Information supplied Block Start

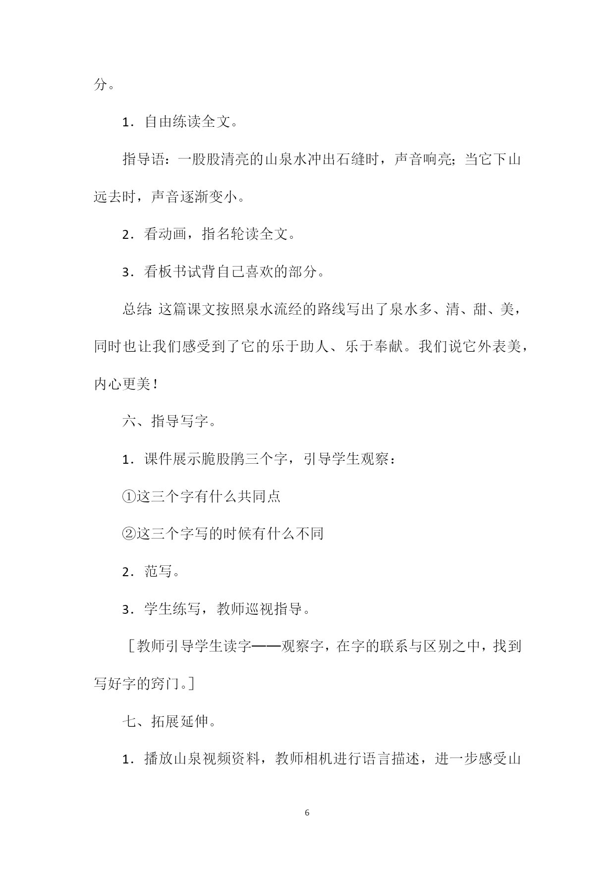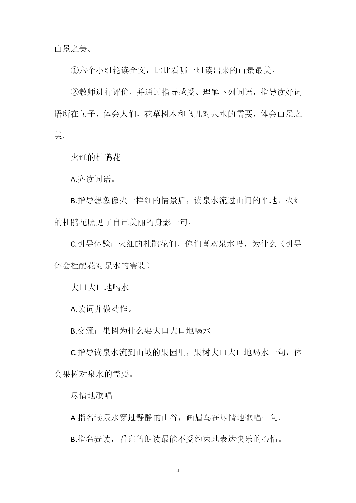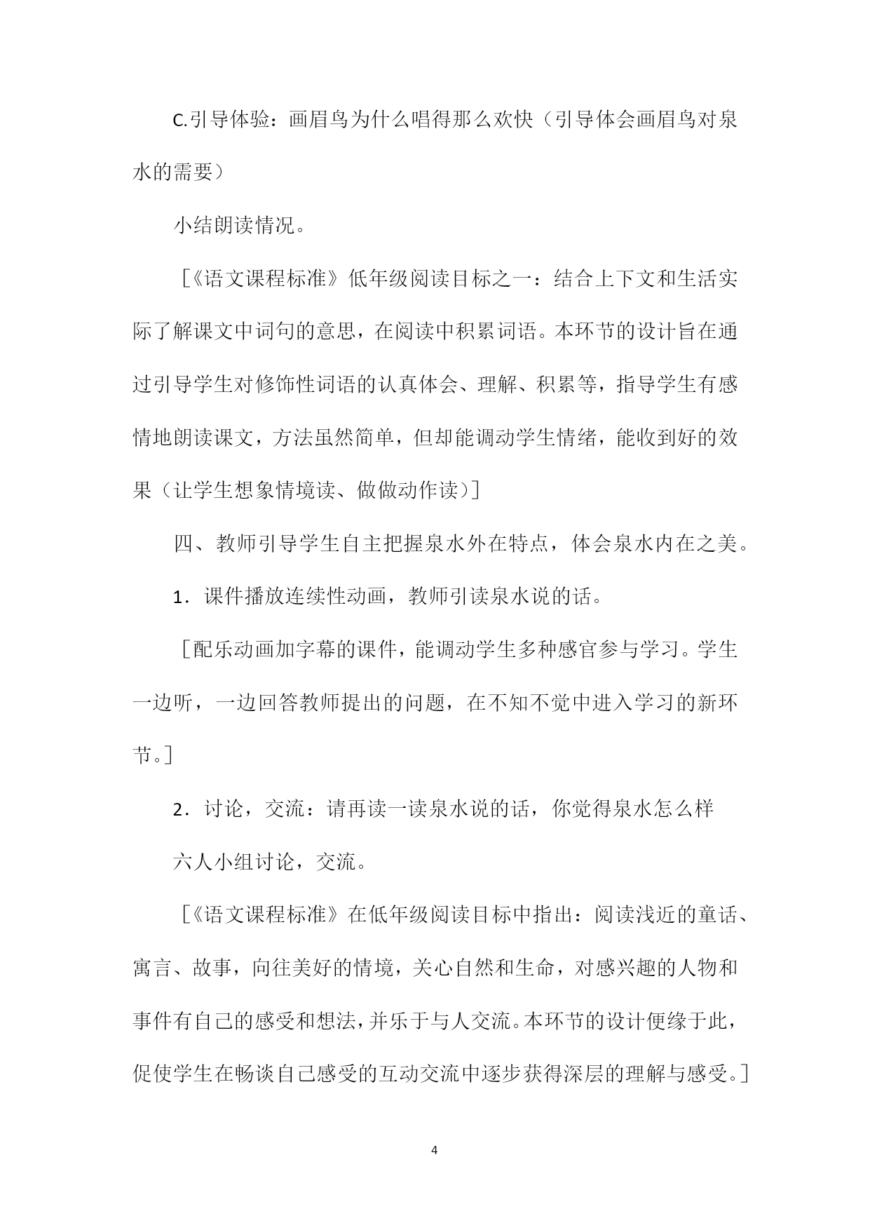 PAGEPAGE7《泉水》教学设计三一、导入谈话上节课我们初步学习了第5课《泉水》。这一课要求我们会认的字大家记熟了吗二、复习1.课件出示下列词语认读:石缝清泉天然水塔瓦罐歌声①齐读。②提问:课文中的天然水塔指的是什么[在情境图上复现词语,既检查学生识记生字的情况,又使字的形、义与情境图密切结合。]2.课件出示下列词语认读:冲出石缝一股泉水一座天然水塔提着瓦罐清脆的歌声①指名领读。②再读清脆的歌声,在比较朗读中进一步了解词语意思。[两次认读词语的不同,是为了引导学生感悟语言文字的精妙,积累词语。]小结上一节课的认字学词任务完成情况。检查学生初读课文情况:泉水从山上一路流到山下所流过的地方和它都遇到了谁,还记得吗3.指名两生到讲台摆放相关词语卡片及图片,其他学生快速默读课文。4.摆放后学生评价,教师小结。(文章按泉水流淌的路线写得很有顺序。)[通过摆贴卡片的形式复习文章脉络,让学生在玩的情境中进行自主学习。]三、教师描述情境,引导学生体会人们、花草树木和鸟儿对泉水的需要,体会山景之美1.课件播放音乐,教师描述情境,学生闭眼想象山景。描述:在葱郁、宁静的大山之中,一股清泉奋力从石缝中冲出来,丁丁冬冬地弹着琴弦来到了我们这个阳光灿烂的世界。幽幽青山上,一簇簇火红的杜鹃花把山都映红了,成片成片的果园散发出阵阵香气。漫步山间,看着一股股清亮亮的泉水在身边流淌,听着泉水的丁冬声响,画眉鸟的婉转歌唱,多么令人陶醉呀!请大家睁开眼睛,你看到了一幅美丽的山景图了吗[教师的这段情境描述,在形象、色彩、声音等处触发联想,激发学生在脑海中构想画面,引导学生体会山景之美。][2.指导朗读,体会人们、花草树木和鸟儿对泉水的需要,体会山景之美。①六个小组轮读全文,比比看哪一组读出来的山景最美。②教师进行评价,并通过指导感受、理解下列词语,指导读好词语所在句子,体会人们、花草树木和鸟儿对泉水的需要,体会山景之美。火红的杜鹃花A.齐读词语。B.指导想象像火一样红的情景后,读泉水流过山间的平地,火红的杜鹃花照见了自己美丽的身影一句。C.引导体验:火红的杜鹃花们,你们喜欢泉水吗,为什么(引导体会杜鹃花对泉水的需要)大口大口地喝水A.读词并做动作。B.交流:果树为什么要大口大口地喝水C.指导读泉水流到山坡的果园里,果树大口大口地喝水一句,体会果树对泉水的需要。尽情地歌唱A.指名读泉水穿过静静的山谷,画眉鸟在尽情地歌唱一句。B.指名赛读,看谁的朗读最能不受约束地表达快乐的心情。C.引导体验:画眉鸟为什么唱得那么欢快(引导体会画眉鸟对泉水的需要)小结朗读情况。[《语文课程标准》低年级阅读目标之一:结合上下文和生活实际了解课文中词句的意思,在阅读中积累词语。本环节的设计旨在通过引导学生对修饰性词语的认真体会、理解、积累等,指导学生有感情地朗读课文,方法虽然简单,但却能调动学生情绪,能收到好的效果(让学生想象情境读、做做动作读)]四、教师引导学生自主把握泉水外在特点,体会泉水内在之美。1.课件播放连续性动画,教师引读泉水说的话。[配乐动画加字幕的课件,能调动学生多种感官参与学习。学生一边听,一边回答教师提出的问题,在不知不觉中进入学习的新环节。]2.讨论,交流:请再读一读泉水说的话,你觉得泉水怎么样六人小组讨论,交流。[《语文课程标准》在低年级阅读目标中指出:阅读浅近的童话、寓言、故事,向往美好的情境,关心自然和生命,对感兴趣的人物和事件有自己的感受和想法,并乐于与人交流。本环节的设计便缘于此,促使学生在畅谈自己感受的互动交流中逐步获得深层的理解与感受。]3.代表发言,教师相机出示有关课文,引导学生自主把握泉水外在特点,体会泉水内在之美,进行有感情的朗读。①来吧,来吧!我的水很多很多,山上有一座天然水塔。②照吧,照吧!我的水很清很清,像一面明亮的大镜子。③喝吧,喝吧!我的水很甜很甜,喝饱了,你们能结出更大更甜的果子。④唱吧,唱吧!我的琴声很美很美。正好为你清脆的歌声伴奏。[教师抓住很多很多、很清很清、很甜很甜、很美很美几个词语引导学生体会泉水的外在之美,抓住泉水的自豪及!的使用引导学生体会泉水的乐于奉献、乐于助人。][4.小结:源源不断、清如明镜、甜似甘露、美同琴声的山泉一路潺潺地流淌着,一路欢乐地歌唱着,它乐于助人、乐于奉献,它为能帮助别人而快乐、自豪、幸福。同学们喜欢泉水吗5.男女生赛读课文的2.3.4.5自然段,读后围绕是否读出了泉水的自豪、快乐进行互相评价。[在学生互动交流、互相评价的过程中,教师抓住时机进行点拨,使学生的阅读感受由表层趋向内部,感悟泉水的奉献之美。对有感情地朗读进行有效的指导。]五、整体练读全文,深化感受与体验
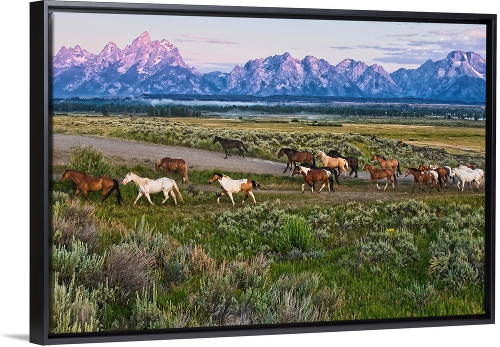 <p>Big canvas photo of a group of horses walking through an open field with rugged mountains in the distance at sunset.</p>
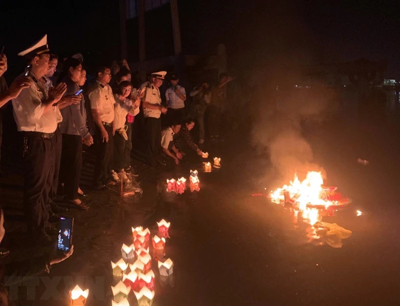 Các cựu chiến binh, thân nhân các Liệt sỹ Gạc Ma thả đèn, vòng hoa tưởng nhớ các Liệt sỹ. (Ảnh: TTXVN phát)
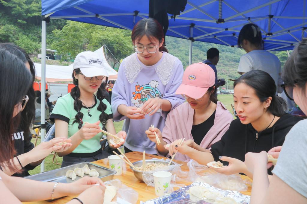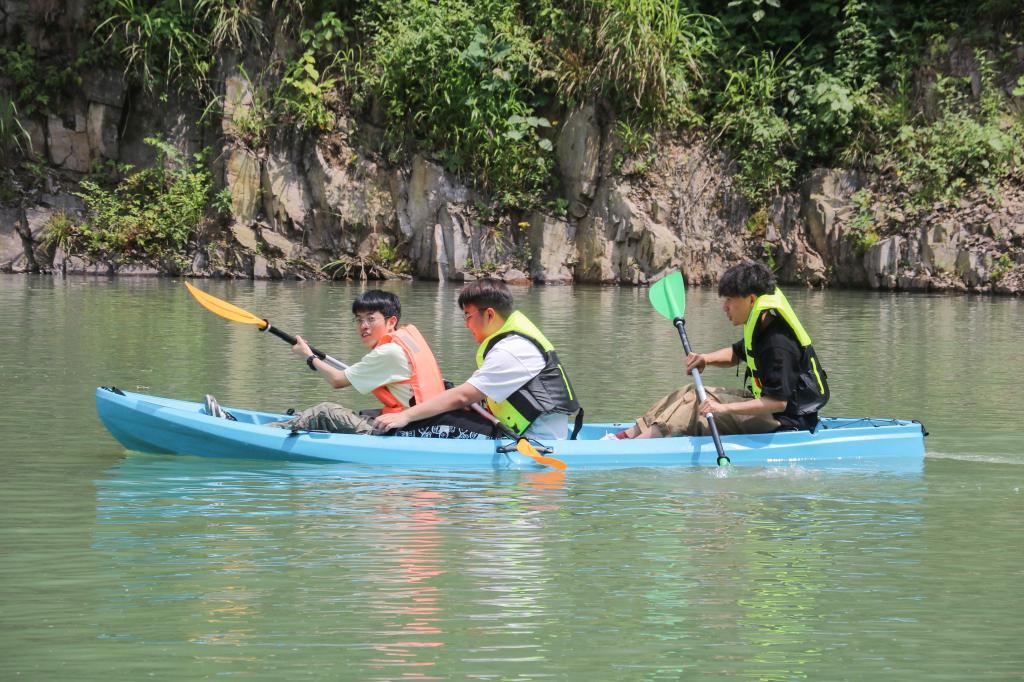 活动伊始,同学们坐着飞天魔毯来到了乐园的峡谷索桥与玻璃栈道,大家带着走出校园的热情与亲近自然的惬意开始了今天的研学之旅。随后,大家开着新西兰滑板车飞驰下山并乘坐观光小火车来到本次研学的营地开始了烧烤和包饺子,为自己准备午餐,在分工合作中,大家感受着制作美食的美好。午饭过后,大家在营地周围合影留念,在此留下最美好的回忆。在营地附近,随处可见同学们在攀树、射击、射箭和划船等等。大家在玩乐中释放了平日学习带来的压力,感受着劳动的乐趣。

Information supplied Block End

**Problem description**
Please restate word for word each line from the one containing "<p>Big canvas photo" to the end of the data above, without the pictures.

**Completed exercise**
 <p>Big canvas photo of a group of horses walking through an open field with rugged mountains in the distance at sunset.</p>
 Các cựu chiến binh, thân nhân các Liệt sỹ Gạc Ma thả đèn, vòng hoa tưởng nhớ các Liệt sỹ. (Ảnh: TTXVN phát)
 活动伊始,同学们坐着飞天魔毯来到了乐园的峡谷索桥与玻璃栈道,大家带着走出校园的热情与亲近自然的惬意开始了今天的研学之旅。随后,大家开着新西兰滑板车飞驰下山并乘坐观光小火车来到本次研学的营地开始了烧烤和包饺子,为自己准备午餐,在分工合作中,大家感受着制作美食的美好。午饭过后,大家在营地周围合影留念,在此留下最美好的回忆。在营地附近,随处可见同学们在攀树、射击、射箭和划船等等。大家在玩乐中释放了平日学习带来的压力,感受着劳动的乐趣。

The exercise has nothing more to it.